- The task
Repeat the lines below exactly as they appear, but leave out the images.

- Raw data

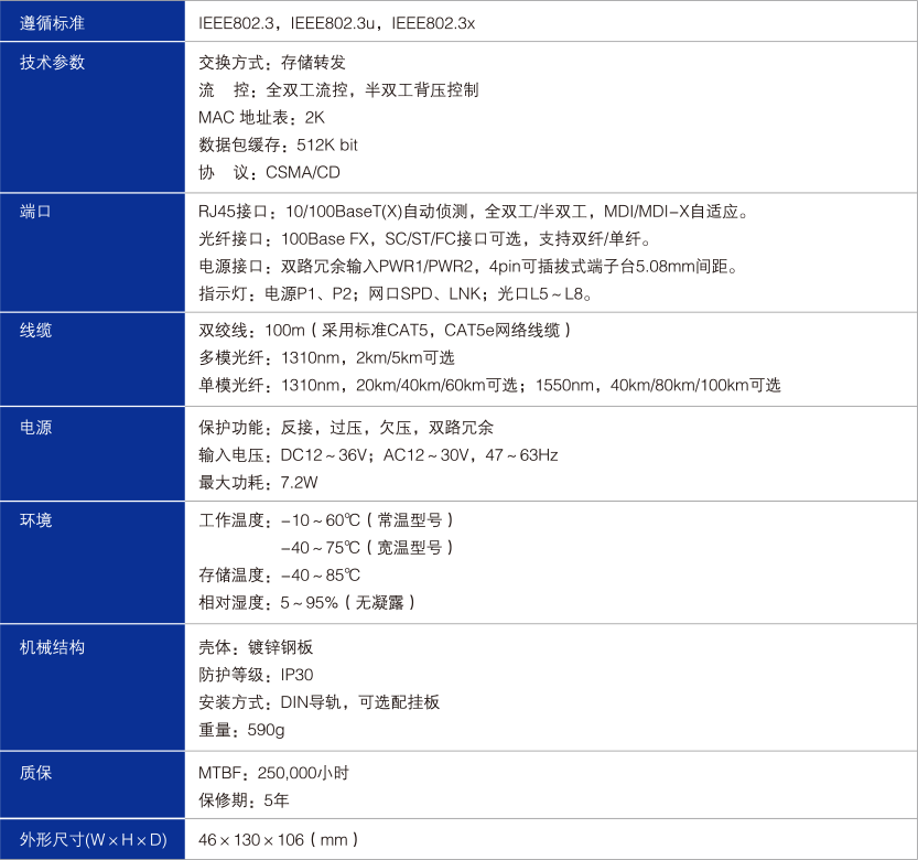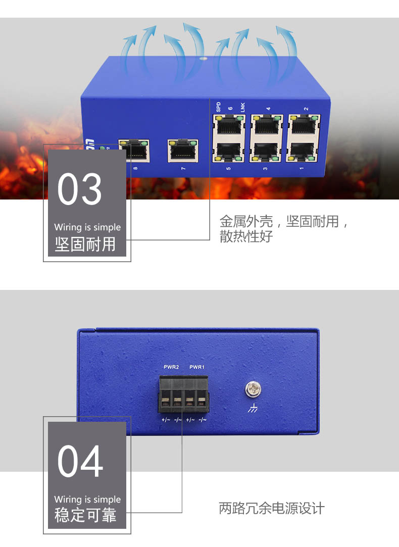 ESD108是一款8口(kou)百(bai)兆(zhao)非(fei)網(wang)管(guan)型(xing)工(gong)業(ye)以(yi)太(tai)網(wang)交(jiao)換(huan)機(ji),殼(ke)體(ti)采(cai)用(yong)鍍(du)鋅(xin)鋼(gang)板(ban),結(jie)構(gou)緊(jin)湊(cou),支(zhi)持(chi)八(ba)個(ge)百(bai)兆(zhao)端(duan)口(kou),可(ke)配(pei)置(zhi)一(yi)至(zhi)四(si)個(ge)百(bai)兆(zhao)光(guang)纖(xian)端(duan)口(kou)。兩(liang)路(lu)冗(rong)餘(yu)電(dian)源(yuan)設(she)計(ji),支(zhi)持(chi)4pin可插拔端子,交直流通用,同時提供電源防接保護及過壓、欠壓保護,極大提升產品工作的穩定性。以太網交換機所有器件按嚴苛的工業三級化標準認證,性能穩定,能夠適應惡劣的工業環境。-40℃~75℃的工作溫度範圍,在極端氣象條件下也能安全運行。
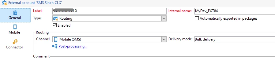 The SMS external account config is below-
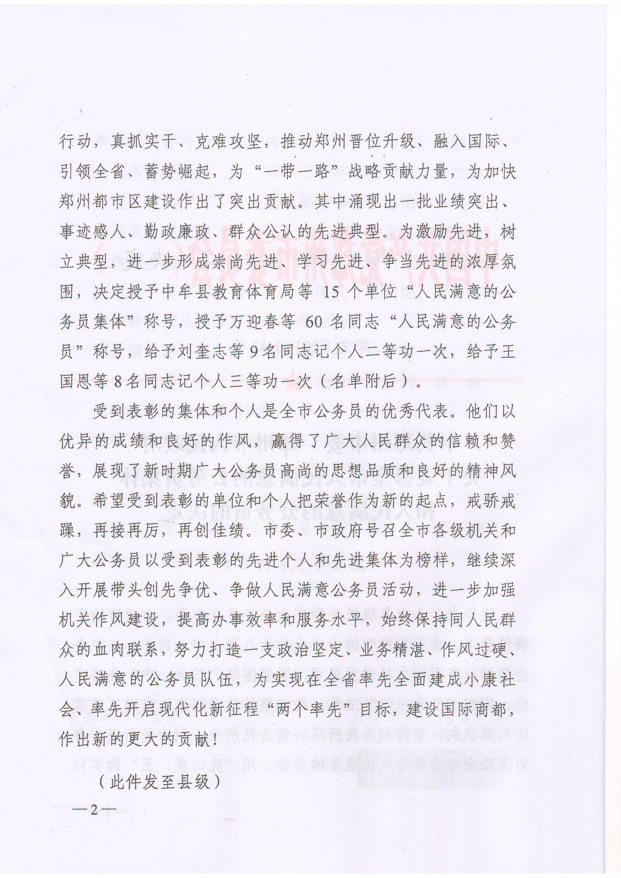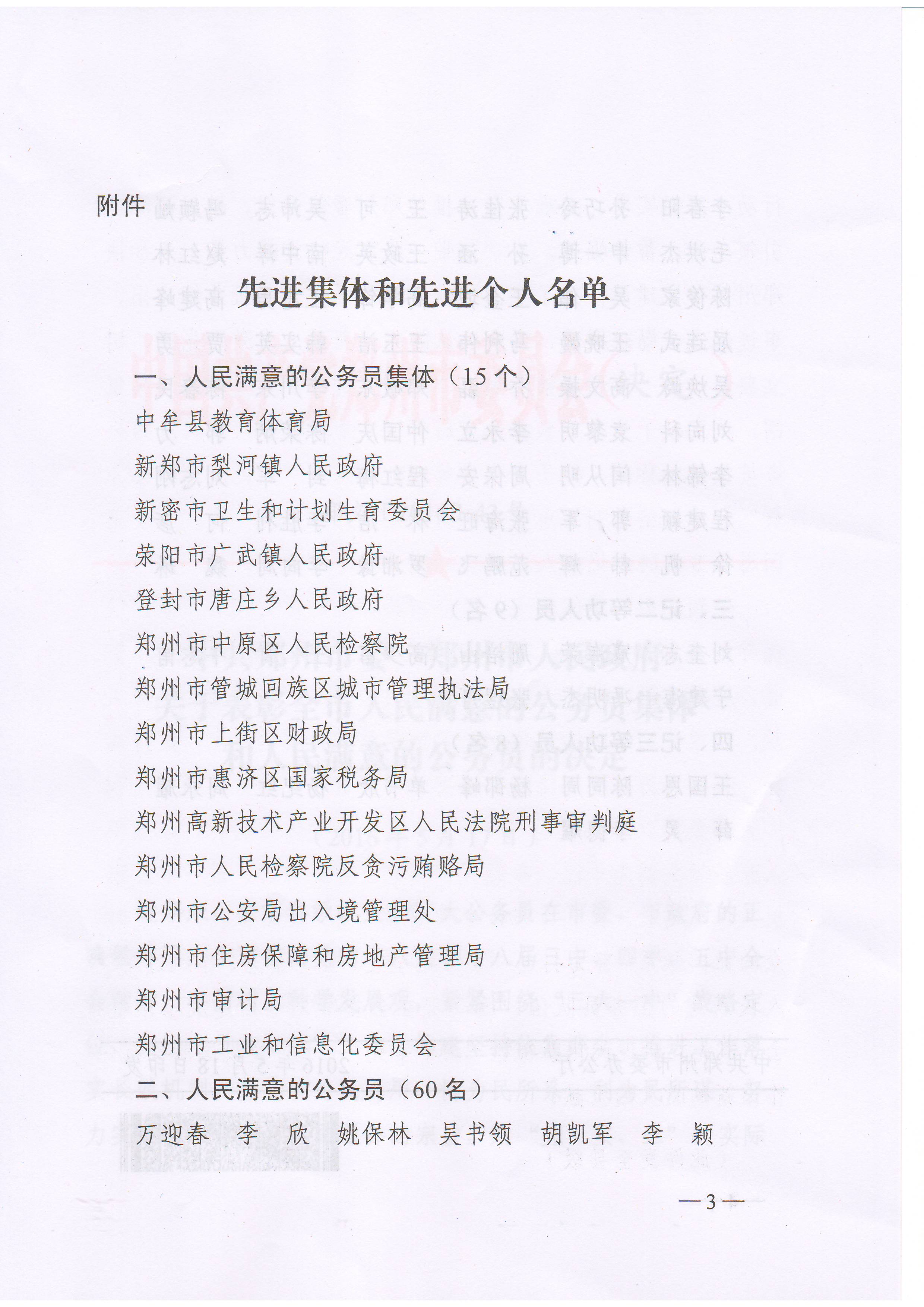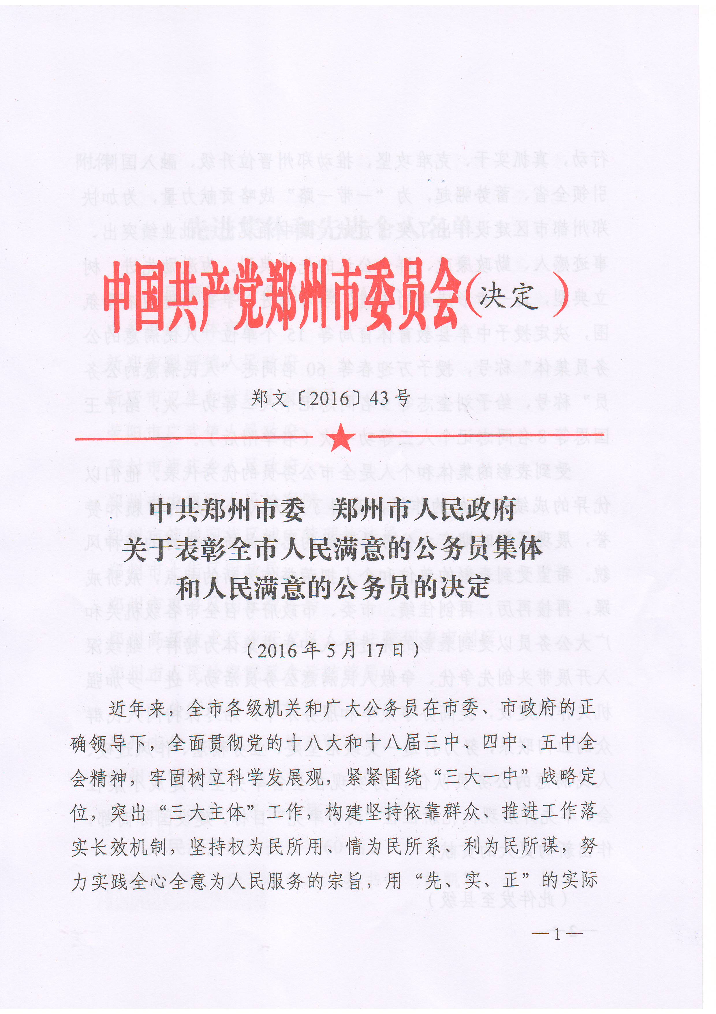 中共郑州市委 郑州市人民政府关于表彰全市人民满意的公务员集体和人民满意的公务员的决定(第四届)

- Task result
 ESD108是一款8口(kou)百(bai)兆(zhao)非(fei)網(wang)管(guan)型(xing)工(gong)業(ye)以(yi)太(tai)網(wang)交(jiao)換(huan)機(ji),殼(ke)體(ti)采(cai)用(yong)鍍(du)鋅(xin)鋼(gang)板(ban),結(jie)構(gou)緊(jin)湊(cou),支(zhi)持(chi)八(ba)個(ge)百(bai)兆(zhao)端(duan)口(kou),可(ke)配(pei)置(zhi)一(yi)至(zhi)四(si)個(ge)百(bai)兆(zhao)光(guang)纖(xian)端(duan)口(kou)。兩(liang)路(lu)冗(rong)餘(yu)電(dian)源(yuan)設(she)計(ji),支(zhi)持(chi)4pin可插拔端子,交直流通用,同時提供電源防接保護及過壓、欠壓保護,極大提升產品工作的穩定性。以太網交換機所有器件按嚴苛的工業三級化標準認證,性能穩定,能夠適應惡劣的工業環境。-40℃~75℃的工作溫度範圍,在極端氣象條件下也能安全運行。
 The SMS external account config is below-
 中共郑州市委 郑州市人民政府关于表彰全市人民满意的公务员集体和人民满意的公务员的决定(第四届)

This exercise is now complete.